B. Spongebob and Joke

【题意】给定长度为n的数组f和长度为m的数组b,问能否找到长度为m的数组a使得b[i]=f[a[i]],若数组a不存在,输出impossible,若不唯一,输出Ambiguity,若唯一,输出impossible及数组a。

【分析】注意先判断是否是impossible再判断Ambiguity

【代码】

#include<cstdio>
#include<cmath>
#include<cstring>
#include<algorithm>
#include<cstdio>
using namespace std;
const int maxn=100050;
int b[maxn];
int a[maxn];
int cnt[maxn];
int sf[maxn];
int main (void)
{
    int m,n,temp, flag1=0,flag2=0;
    scanf("%d%d",&n,&m);
    fill(cnt,cnt+maxn,0);
    for(int i=0;i<n;i++)
      {
          scanf("%d",&temp);
          cnt[temp]++;
          sf[temp]=i+1;
      }
    for(int i=0;i<m;i++)  scanf("%d",&b[i]);
    for(int i=0;i<m;i++)
    {
        if(cnt[b[i]]==0)flag1=1;
        if(cnt[b[i]]>1) flag2=2;
        a[i]=sf[b[i]];
    }
    if(flag1==1)  printf("Impossible\n");
    else  if(flag2==2)  printf("Ambiguity\n");
    else
    {
        printf("Possible\n");
        printf("%d",a[0]);
        for(int i=1;i<m;i++)   printf(" %d",a[i]);
    }
    return 0;
}
C. Day at the Beach

【题意】给定一系列数,对他们进行分块排序,使得最终整个数组为有序的,问最多可以分多少块。

【分析】可以直接判断该数前面的最大值是否小于后面的最小值,如果满足则可以将他单独划为一个block,否则将并到前面的block中。

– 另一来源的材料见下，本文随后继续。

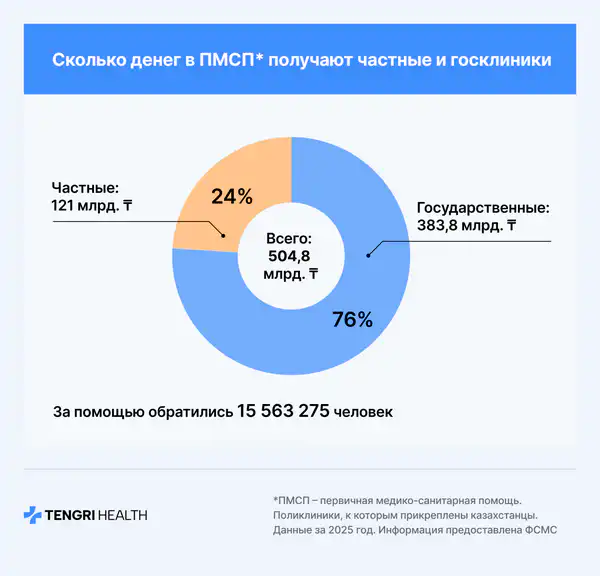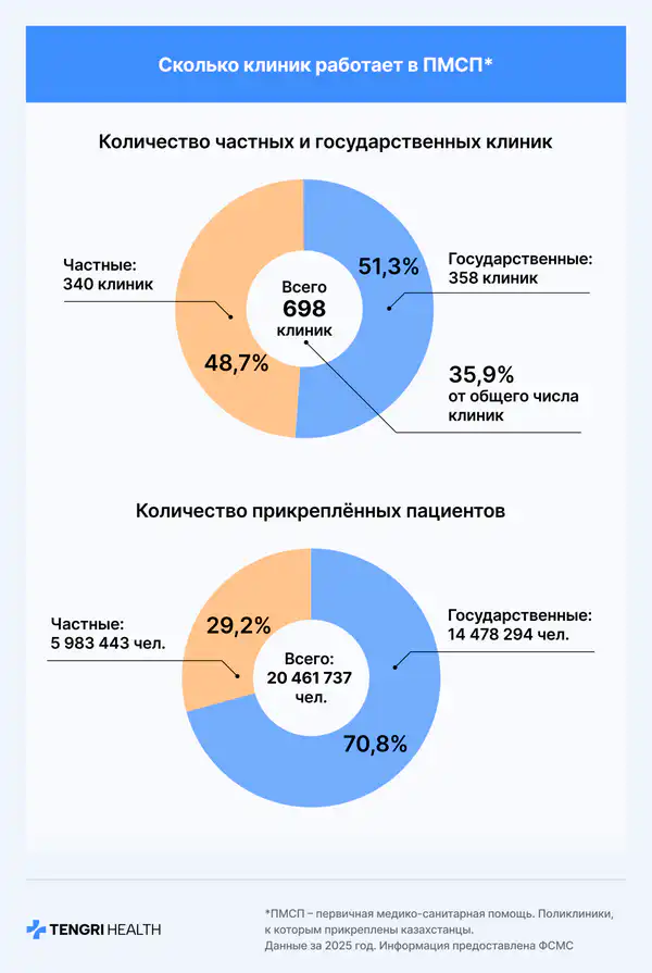 С каждым годом количество частных клиник, работающих в ПМСП, увеличивается: в 2020 году их было 215, сейчас — 340. При этом число пациентов, желающих прикрепиться к частным клиникам, возросло с трёх до почти шести миллионов.

Let’s take a minute to see how the best answer should look like. Let Hi be a sorted sequence of hi. Let E — set of indices of the last elements of each block. Then e E, first e sorted elements of sequence hi are equal to the first e elements of the sequence Hj. So, it is not difficult to notice that the size of E is the answer for the problem. Firstly, we need to calculate two arrays: prefmax and suffmin, where prefmaxi — maximum between a1, a2, …, ai, and suffmini — minimum between ai, ai + 1, …, an. If you want to get the answer, just calculate the number of indices i that prefmaxi  ≤  suffmini + 1.
Time: O(N)

【代码】

#include<cstdio>
#include<cmath>
#include<cstring>
#include<algorithm>
#include<cstdio>
#include<vector>
using namespace std;
const int maxn=100050;
const int INF=0x3fffffff;
int h[maxn],suffMax[maxn],suffMin[maxn];
int main (void)
{
    int num,total=0;
    scanf("%d",&num);
    for(int i=1;i<=num;i++) scanf("%d",&h[i]);
    suffMin[num+1]=INF;
    suffMax[0]=-INF;
    for(int i=1;i<=num;i++)  suffMax[i]=max(suffMax[i-1],h[i]);
    for(int i=num;i>=1;i--)  suffMin[i]=min(suffMin[i+1],h[i]);
    for(int i=1;i<=num;i++)
    {
       if(suffMin[i+1]>=suffMax[i])
            total++;
    }
   printf("%d",total);
    return 0;
}

D. Spongebob and Squares

【题意】给定正方形个数n,求满足内部正方形总和为n的长方形个数,并输出每组长和宽

【分析】不难得出公式。悲哀的是明明公式已经找到可是写了半天就是wa。注意上限!!!!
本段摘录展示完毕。